We’re sittin’ on the best land in the whole county.”
“So what we gonna do, Pappy?”
“You gotta go to this meetin’, Son. You gotta
stand up against this here Gorn feller, and claim squatters’ rights for us. If
anybody’s gonna profit off three-dollar coffees, it’s the Dennises. That
Starbucks gotta come to us, an’ nobody else.”
“Me? But I belong here in the holler, Pappy. Who’s gonna cut the brush and turf out the varmints?”
Ferris couldn’t stand it any longer. The screen door
squeaked as he entered.
“Look, Pa….if you need to send one of us to the big city, I’ll go, ‘stead of Burris.”
Denny snorted in derision. “Send you to the meetin’? So you can be the big-shot hero? That
dog won’t hunt. You ain’t got notion one of what you’d be up
against. Them slick city lawyers could sweet-talk the legs off a donkey, then
persuade it to go for a walk afterwards. I gotta send somebody strong to show
‘em who’s boss.”
Ferris’s face fell, and his eyes dropped to the floor. Burris
looked over at him sympathetically. He knew there was no talking Pa out of this.

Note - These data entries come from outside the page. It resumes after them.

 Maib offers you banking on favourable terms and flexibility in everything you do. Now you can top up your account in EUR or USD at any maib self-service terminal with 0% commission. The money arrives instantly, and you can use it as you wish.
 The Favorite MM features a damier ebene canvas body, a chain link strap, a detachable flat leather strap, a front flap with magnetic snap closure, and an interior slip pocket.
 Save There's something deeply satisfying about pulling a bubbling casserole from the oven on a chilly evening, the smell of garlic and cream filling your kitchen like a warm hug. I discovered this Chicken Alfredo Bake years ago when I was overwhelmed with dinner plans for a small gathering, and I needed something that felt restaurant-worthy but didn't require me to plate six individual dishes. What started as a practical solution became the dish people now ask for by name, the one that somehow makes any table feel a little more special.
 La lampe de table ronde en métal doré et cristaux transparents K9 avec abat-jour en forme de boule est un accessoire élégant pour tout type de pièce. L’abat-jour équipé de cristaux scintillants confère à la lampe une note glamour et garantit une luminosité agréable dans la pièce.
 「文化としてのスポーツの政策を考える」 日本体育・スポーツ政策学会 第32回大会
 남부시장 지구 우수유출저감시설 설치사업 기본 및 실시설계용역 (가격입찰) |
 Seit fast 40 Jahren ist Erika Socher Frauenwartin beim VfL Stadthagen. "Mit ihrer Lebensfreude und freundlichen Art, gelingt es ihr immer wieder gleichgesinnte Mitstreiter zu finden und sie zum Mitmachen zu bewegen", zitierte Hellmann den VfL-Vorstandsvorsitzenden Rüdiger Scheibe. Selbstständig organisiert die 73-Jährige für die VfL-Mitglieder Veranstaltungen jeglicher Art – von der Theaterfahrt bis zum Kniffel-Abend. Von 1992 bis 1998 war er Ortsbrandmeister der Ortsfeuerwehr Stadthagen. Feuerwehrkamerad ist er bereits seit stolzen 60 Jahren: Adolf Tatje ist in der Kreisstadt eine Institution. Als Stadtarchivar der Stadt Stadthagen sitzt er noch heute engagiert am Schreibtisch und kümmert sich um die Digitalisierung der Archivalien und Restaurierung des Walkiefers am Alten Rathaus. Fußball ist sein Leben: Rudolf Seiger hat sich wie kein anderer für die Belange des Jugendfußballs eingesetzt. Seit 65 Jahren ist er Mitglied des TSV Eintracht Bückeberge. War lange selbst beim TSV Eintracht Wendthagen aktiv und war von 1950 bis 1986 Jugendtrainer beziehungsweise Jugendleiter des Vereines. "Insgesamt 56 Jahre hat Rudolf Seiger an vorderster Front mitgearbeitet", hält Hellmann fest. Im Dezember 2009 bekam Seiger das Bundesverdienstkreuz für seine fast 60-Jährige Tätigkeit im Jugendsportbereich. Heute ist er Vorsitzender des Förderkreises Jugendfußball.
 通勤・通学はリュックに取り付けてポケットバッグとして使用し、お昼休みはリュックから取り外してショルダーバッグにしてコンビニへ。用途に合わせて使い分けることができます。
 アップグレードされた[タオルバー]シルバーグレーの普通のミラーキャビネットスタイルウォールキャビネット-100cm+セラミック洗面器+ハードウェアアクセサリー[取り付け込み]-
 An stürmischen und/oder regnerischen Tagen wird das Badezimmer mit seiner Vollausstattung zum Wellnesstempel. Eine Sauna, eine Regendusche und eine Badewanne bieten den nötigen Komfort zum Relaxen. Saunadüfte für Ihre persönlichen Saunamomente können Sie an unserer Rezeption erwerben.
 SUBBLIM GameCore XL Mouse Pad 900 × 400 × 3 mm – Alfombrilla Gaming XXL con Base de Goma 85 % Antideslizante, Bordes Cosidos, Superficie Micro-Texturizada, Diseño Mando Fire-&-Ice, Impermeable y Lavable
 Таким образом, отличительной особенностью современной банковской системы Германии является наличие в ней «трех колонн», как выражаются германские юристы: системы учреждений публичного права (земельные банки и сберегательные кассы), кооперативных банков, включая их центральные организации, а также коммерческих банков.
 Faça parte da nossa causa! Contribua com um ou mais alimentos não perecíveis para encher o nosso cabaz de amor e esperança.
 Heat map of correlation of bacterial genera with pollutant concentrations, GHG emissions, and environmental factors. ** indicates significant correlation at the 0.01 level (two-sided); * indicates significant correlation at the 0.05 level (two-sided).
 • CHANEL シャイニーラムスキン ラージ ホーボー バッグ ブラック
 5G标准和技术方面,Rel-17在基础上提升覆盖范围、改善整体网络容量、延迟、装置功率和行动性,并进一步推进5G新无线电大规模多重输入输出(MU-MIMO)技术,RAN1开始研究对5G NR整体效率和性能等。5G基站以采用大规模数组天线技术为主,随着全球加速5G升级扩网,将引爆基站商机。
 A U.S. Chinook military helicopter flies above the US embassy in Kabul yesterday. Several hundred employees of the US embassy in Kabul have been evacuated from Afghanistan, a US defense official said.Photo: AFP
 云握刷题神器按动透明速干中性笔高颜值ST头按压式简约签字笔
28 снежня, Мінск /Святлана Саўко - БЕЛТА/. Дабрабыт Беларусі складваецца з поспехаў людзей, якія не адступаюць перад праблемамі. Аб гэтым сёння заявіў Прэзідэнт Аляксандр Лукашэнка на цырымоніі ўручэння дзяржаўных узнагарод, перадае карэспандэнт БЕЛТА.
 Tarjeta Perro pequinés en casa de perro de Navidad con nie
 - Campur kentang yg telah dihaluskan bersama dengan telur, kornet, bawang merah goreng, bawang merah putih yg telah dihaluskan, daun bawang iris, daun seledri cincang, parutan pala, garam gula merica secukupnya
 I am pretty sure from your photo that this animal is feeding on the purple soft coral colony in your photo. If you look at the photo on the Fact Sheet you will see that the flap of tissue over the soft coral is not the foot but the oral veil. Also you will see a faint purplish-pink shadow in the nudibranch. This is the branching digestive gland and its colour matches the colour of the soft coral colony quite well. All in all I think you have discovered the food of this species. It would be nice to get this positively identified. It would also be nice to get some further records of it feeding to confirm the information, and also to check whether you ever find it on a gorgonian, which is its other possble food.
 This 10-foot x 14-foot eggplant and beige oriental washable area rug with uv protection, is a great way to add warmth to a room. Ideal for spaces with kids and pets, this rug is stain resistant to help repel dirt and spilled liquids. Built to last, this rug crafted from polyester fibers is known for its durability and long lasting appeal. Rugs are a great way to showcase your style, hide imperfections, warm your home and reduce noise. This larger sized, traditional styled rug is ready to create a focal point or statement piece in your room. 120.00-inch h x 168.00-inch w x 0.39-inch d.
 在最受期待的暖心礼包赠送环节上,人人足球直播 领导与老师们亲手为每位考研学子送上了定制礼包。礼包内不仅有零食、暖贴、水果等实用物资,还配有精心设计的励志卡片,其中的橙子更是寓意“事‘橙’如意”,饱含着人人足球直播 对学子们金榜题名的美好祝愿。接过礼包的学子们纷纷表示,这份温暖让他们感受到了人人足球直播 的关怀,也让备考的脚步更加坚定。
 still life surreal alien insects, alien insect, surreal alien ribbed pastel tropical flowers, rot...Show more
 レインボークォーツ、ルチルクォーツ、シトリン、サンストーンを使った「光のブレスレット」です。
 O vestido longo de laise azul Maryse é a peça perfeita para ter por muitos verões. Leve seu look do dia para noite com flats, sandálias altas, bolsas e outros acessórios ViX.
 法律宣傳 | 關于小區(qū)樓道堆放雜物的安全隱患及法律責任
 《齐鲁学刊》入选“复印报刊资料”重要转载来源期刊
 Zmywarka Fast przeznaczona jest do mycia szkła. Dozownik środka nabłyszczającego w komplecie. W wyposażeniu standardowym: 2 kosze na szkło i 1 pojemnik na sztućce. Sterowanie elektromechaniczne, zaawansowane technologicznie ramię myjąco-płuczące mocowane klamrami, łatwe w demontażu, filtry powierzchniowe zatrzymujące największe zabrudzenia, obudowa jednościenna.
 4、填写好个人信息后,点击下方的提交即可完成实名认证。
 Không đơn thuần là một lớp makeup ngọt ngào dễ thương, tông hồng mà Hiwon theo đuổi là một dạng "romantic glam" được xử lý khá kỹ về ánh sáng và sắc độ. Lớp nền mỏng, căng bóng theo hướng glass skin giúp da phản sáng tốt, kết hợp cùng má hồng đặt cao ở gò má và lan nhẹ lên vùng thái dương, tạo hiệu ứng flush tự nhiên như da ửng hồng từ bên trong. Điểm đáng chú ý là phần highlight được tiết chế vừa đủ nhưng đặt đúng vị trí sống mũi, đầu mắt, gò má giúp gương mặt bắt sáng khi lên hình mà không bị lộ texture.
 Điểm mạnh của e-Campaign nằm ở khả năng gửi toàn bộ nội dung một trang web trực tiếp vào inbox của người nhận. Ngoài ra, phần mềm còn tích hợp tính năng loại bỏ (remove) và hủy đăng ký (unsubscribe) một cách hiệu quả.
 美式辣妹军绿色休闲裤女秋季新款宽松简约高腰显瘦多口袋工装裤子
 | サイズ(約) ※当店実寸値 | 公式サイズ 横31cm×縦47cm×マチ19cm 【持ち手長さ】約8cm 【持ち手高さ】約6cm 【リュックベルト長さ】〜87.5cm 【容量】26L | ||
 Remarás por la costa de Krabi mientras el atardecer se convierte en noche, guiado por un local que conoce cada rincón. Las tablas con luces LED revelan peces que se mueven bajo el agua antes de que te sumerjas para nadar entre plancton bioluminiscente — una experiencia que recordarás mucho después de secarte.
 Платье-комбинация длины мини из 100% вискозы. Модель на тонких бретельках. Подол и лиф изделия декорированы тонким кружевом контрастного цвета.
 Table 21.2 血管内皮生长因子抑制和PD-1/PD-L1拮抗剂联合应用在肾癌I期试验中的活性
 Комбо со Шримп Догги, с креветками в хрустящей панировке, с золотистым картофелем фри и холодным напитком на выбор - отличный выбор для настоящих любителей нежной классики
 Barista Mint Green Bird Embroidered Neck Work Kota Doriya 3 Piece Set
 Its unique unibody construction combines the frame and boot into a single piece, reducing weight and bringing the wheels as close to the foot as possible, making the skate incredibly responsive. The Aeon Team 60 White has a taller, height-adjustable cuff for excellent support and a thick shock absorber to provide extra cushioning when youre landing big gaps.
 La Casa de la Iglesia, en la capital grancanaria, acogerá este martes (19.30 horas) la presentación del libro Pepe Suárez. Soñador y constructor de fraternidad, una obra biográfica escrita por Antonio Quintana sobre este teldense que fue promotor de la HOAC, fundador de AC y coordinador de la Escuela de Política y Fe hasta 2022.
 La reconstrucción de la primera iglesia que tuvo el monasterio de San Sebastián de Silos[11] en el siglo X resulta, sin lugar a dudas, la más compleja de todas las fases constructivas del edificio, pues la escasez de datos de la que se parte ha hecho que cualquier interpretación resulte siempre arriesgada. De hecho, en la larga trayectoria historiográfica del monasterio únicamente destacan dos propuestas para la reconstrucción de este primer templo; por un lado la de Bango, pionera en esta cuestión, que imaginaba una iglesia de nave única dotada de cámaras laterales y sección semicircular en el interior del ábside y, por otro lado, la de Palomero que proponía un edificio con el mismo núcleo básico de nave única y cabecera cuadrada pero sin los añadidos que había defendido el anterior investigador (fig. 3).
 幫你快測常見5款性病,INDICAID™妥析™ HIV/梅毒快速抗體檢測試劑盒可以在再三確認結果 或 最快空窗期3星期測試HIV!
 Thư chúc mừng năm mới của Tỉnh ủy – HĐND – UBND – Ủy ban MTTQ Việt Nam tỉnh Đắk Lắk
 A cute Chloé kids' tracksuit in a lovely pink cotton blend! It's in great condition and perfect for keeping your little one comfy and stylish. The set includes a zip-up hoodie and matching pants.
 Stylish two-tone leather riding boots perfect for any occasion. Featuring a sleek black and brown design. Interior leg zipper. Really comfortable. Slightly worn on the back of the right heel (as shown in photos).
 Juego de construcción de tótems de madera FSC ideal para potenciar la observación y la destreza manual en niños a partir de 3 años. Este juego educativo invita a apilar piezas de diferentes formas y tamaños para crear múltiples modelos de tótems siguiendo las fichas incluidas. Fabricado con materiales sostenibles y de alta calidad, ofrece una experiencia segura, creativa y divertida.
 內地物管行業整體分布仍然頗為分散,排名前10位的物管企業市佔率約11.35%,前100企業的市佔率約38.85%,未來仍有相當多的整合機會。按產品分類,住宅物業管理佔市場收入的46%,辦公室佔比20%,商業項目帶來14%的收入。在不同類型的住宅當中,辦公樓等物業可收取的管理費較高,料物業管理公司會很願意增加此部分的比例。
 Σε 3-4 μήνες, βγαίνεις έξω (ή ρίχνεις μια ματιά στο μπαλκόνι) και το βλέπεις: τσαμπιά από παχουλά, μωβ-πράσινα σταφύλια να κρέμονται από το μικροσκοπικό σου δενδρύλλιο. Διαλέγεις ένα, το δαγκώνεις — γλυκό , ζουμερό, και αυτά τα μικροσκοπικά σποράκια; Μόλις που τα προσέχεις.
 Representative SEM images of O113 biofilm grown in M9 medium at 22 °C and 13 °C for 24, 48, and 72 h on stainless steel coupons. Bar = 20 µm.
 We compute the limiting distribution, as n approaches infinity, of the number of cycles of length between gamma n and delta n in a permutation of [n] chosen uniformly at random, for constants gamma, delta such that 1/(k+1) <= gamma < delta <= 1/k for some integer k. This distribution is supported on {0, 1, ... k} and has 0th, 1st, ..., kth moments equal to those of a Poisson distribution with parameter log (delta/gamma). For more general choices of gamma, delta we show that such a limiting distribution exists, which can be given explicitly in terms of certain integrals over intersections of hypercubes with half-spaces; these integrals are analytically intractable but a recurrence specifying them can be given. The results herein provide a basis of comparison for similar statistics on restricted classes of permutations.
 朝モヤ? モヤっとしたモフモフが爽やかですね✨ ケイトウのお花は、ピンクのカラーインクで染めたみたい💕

“Burris will handle it,” said Den confidently. “He
ain’t never let me down yet.”
As Burris sat idling in the truck, Ferris stood by the driver’s side window, regarding him with a
mixture of envy and brotherly adoration. It wasn’t fair. Burris always
got to drive the 4 x 4, with the Yosemite Sam mudflaps, the Lynyrd Skynrd eight-tracks, and the special antique horn that
played the first twelve notes of “Dixie”. And now here he was
going off to the big city. Ferris had a sudden premonition that he might not
see his brother again. Or that if he did, Burris would come back changed and
“Y’all be careful,” said Ferris. “I
hear there’s loose women ‘n’ Democrats in the big city.”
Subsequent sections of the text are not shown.